Paul Ryan Asked for the House Chaplain’s Resignation, But We Don’t Know Why


The world woke to the resignation of the Chaplain of the House of Representatives Rev. Patrick Conroy—but not of his own volition.


According to an April 15 letter made public this week, Conroy wrote to Speaker of the House Paul Ryan: “As you have requested, I hereby offer my resignation as the 60th Chaplain of the United States House of Representatives. The position is one which I did not seek nor strive to assume, but I have seen it as a blessing and I have considered it one of the great privileges of my life.”

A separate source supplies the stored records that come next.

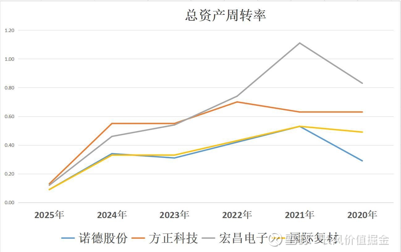 一季度,周转最快方正科技,总资产周转0.13次。其次宏昌电子,再次诺德和国际复材。
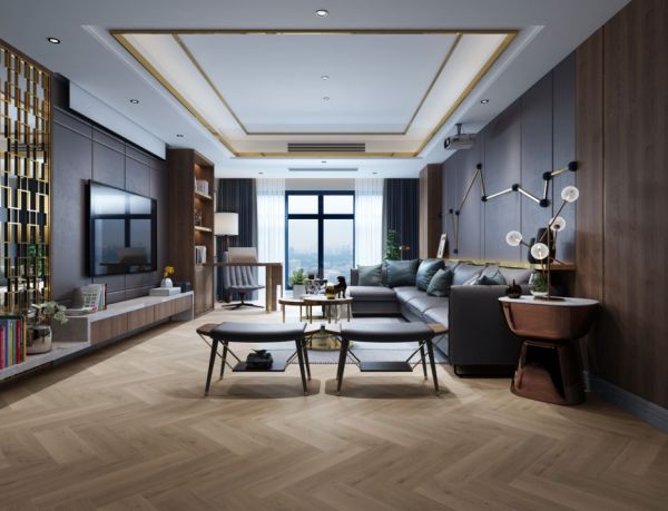 “人字拼”地板顾名思义就是铺装效果与我们汉字的“人”字相似。一般地板以90°进行拼接,形成人字一撇一捺的造型结构。这样的拼接方式可以让整体空间视觉上更具立体感,同时提升整体空间的美感。这样的拼花方式在很多空间中适用性都很强,尤其是大面积空间。在宽敞的客厅人字拼地板可以让空间的立体效果更强,达到修饰的效果,提升空间的辨识度和艺术感。
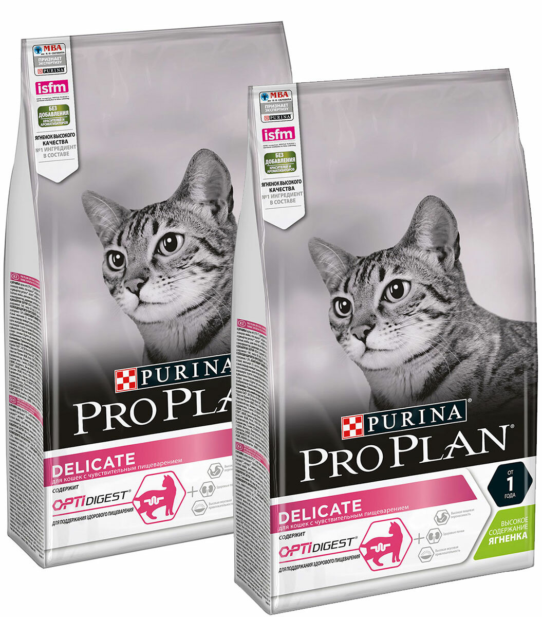 Купить PRO PLAN CAT DELICATE LAMB для взрослых кошек с чувствительным пищеварением с ягненком (10 + 10 кг)
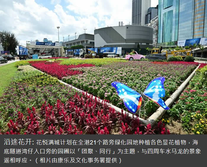 花悦满城计划6月至10月分三阶段在全港多达51个地点进行园景美化工程。首两阶段已展开,包括在21个路旁绿化园地广泛种植各色显花植物;在12个公园和地点设置花海、花墙、迷宫花园和以生日为主题的园圃。

Conroy has served as House Chaplain since 2011, when he was appointed by then-Speaker John Boehner. The Jesuit priest reportedly drafted a second letter as well, which did not mention the request for resignation. This letter states that his last day as chaplain will be May 24.

Ryan’s spokeswoman, AshLee Strong, has denied that Conroy was forced to resign. “The speaker consulted with the minority leader [Nancy Pelosi], but the decision was his,” Strong said. “He remains grateful for Father Conroy’s service.”

While the first letter suggests that Conroy resigned at Ryan’s prompting, the reasons behind Ryan’s apparent request are not immediately clear. Nevertheless, the move has angered members of both parties.

A bipartisan group of House members is drafting a letter to Ryan, asking that he explain why he asked Conroy to resign. Four sources, two from each party, told The Hill that Conroy said he was told that he “must retire or that he would be dismissed.”